Otherwise, I worked on completing some small projects that have been hanging around for weeks waiting for attention. I also got a commission for two doors and a top panel for a vanity. Paint grade plywood flat panel rail and stile design with beading around the inside of the frame. I will use alder for the frames as it is very easy to work and not too expensive for a painted door. They should take two days, but I will lose time this week to family business. My brother is having an open house and I will be busy helping him with setup.

More later.

vicrider


----------



## vicrider (Jun 19, 2010)

vicrider said:


> *July 7th, 2010 Daily progress*
> 
> Hello everyone,
> 
> ...


After working on bro's place last week I bought some solid core ply and 4/4 Alder at the big box for about $50 and 4 32mm 5/8 overlay Euro hinges ($9.70) and went to work yesterday. I bought a 1/8" beading bit (Rockler) to make a beading insert around the panels.

Planed, sanded, and did the tongue/groove work in Alder for the rails and stiles. Determined the size of the panels from the pre-fitted frames, cut and then rabbeted the back and front of the panel. The front rabbet was larger to accommodate the beading. Assembled the doors, installed the beading, drilled and mounted the hinges and routed a dado in the top panel for the beading. I used a strait 5/16" bit and adjusted the side guide to complete a 7/16" dado in several passes. This morning, I installed the beading in the top panel and called the customer to say they were complete. He delivered a check this afternoon. Yeah! that works…. and he ordered a custom maple knife rack to match his new kitchen..

These were ordered 'ready to paint' so I didn't have to apply a finish.

I think I actually made money on these…..


----------



## vicrider (Jun 19, 2010)

*Aikiko's knife rack delivered. New old project.*

I finished the knife rack and delivered it to Aikiko. She was very appreciative and felt it would compliment her new maple kitchen. I hope she gets another several decades of use out of this one.

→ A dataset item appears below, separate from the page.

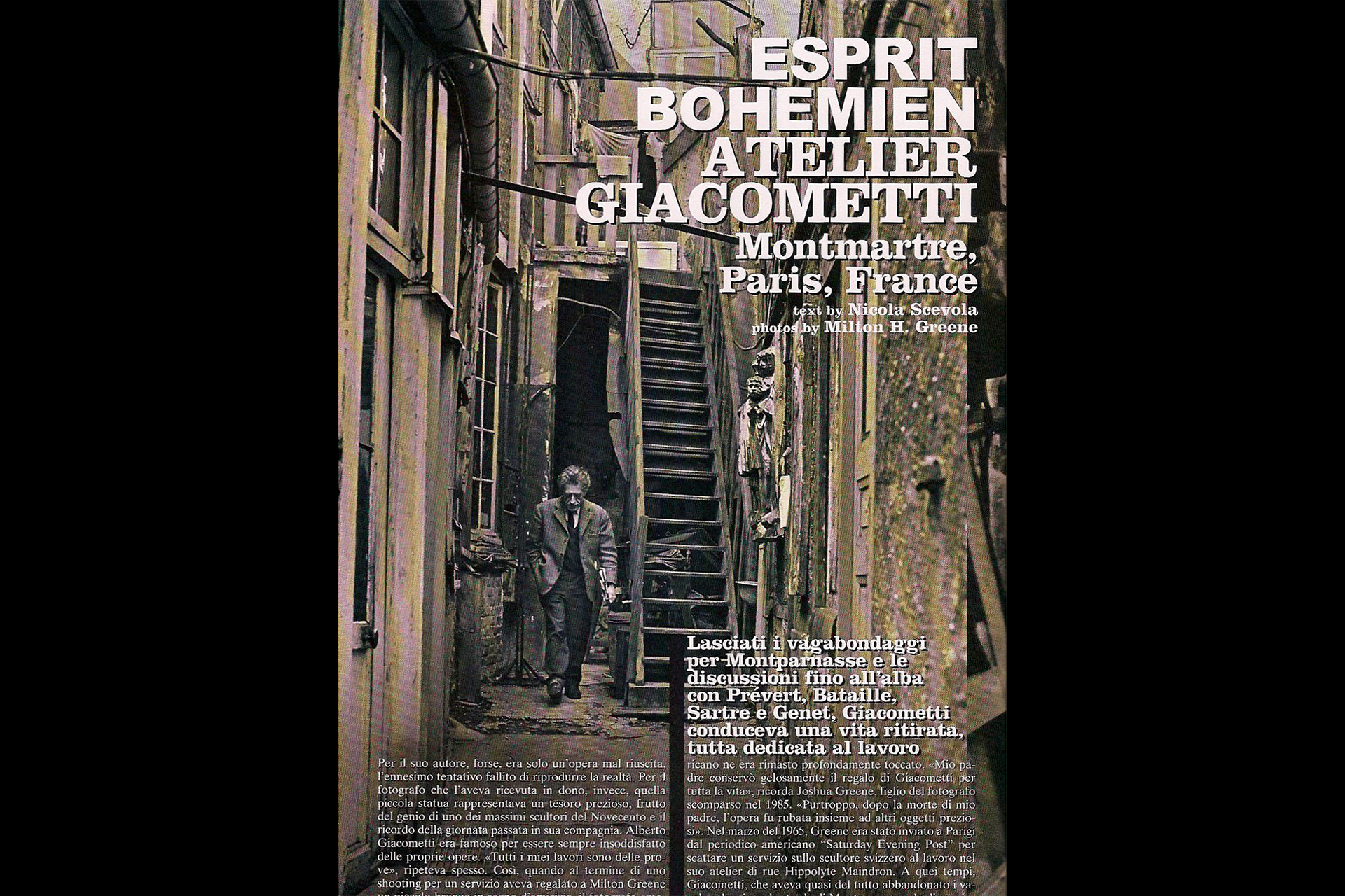 Per il suo autore era forse solo un’opera malriuscita, l’ennesimo tentativo fallito di riprodurre la realtà. Per il fotografo che l’aveva ricevuta in dono, invece, quella piccola statua rappresentava un tesoro prezioso, frutto del genio di uno dei migliori scultori del Novecento e ricordo della piacevole giornata passata in sua compagnia. Alberto Giacometti era famoso per essere sempre insoddisfatto delle sue opere. “Tutti i miei lavori sono delle prove”, continuava a ripetere mentre musei e gallerie di tutto il mondo facevano a gara per aggiudicarsi i suoi pezzi. E quando, al termine di uno shooting per un servizio, aveva regalato a Milton Greene un piccolo bronzo in segno d’amicizia, il fotografo americano ne era rimasto lusingato. “Mio padre conservò gelosamente il regalo di Giacometti per tutta la vita”, dice Joshua Greene, figlio 55enne del famoso fotografo americano, scomparso nel 1985. “Purtroppo dopo la sua morte la statua fu rubata insieme ad altri oggetti preziosi”. Nel marzo del 1965, Greene era stato inviato a Parigi per scattare un servizio sullo scultore svizzero nel suo laboratorio di Rue Hippolyte Maindron. A quei tempi, Giacometti non batteva quasi più le strade di Montparnasse fermandosi a discutere fino all’alba insieme a Prévert, Bataille, Sartre e Genet. Lo scultore, che sarebbe morto dopo meno di un anno, viveva ormai un’esistenza ritirata, dedicandosi interamente al suo lavoro. Per facilitare quindi l’incontro fra l’artista e il fotografo, che doveva illustrare un articolo per il periodico americano Saturday Evening Post, era stato chiesto ad un amico di Giacometti, Henri Cartier-Bresson, di introdurre il collega americano. I due fotografi si diedero appuntamento in un caffè di Montparnasse, poco distante dal laboratorio di Giacometti.

Also took delivery of a Homack ball bearing double tool box that I traded for some bathroom repair work back in February. This resulted in 1/2 day of sorting and repositioning hand tools. I even have a few empty drawers! One benefit was that I located a few things I thought were missing; including a brand-new-in-the-box Veritas cabinet scraper, which, of course I had to stop and hone, polish, and burnish. I had received it as a gift from one of the kids and had put it away without ever using it. Dumb. Now I just have to relearn where I put everything. Another benefit was that I had to clear a space for the new box, (I have two other tall boxes) so I got rid of a small barrel of scraps; mostly sticks of softwoods and a few chunks of checked maple slab ends. Mom likes the kindling.

I was looking at poppatom's projects and his desk reminded me of one had built back in the eighties. We didn't have room for it when all the kids were home and I didn't build it to sell, so I put it away and hadn't thought about it for a long time. I built it to practice dovetails, locking drawer joints, and mortised drawer guides. I think the design was inspired by a desk I saw in Fine Woodworking magazine.

So off I went on the search, moved a lot of boxes and wood, suffered thru the dust sneezes, and there it was; one of my lost and ignored orphans. Well, the finish had not held up and the poor thing looked pretty ratty. So I spent yesterday afternoon stripping the old lacquer from it, (I really hate that process; don't like the material, the mess it makes, the rags and crud you have to discard, etc.)

It's now ready to be refinished. I will use polyurethane this time and it should hold up better. I will post pic's when it's done.

Perhaps I will get to that today. Or not; it looks like a very nice 'ride the Vegas' motorcycle day. As you may have realized from my signature; I ride a 2004 Victory Vegas for fun and relaxation outside the shop. We are getting the best weather in the States right now. Everyone else is suffering thru some high temps but here in the NW. we are having 70's and low 80's. Perfect riding weather.

More tomorrow.

Vicrider


----------



## vicrider (Jun 19, 2010)

*July 20th, daily progress*

Well, we went for a short ride (awesome weather) and I was able to get back in time to apply the first coat of finish to the disassembled desk. I will do the another coat today.

The top and base came out very nice. The desktop will need some sanding, the weather was a little too warm and the finish did not flow quite as well as I like. I think I should have thinned the finish a little more.I t might also be the fact that I am using a new spray gun, a Sata Minijet4 that I picked up used from a car repair buddy. This is a German made HVLP that is WAY better than any spray gun I have used before. Lots of adjustments, works at 29 lbs of pressure, and it really does hold down the overspray. I'll have more on that after some additional practice.

Off to the shop.


----------



## vicrider (Jun 19, 2010)

*July 20th, continued*

Well, disappointingly, the desk top needed a complete re-sanding. In the higher temperature conditions late yesterday afternoon the finish did not flow well and left an unacceptable orange peal surface. The orange peel was just too rough, another coat wouldn't help. the other parts were quickly brought to smooth with a 220 grit rubdown.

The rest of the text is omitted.